The critical role of the anode porous transport layer/catalyst layer interface of polymer electrolyte membrane water electrolyzers: A parametric analysis

Abstract

Reducing the dependency of proton exchange membrane water electrolyzers (PEMWE) on precious metals, such as iridium (Ir), is necessary to develop a widespread green hydrogen system. This challenge requires a careful design of the interface between the anode porous transport layer (PTL) and the catalyst layer (CL). A comprehensive numerical analysis of relevant parameters that govern the behavior of the anode PTL/CL interface is presented. Calculations are also combined with an experimental characterization of the thickness and electrical conductivity of an unsupported CL as a function of Ir loading. The results show that the in-plane electrical resistance at the anode PTL/CL interface plays a critical role in cell performance. Reaching an acceptable electrical resistance at low Ir loading (𝐿Ir ≃ 0.1 mgIr , cm−2) can be accomplished through the incorporation of a micrometer-sized microporous layer (MPL) onto the PTL or the preparation of bimodal CLs with a secondary conductive phase.

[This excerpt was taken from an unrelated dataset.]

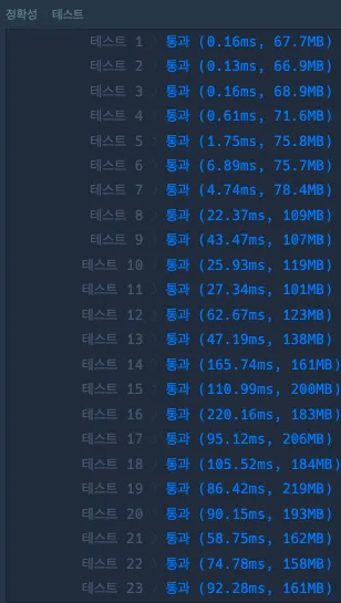 처음엔 아래처럼 중복 코드도 많고 비효율적으로 풀이를 했는데, 아쉽지만 일단 먼저 정답을 맞추고 그 다음 코드를 개선하는 쪽이 그래도 맞는 것 같음. 선 구현 → 후 최적화

Further reduction of the Ir loading to the ultra-low regime (𝐿Ir ≲ 0.1 mgIr , cm−2) may require the use of nanometer-sized MPLs with unsupported CLs or micrometer-sized MPLs with bimodal CLs. Furthermore, the decline of the volume reactive area at ultra-low Ir loading needs a maximization of the exchange current density and the specific electrochemical surface area, and a decrease of the catalyst oxygen coverage factor in the anode CL.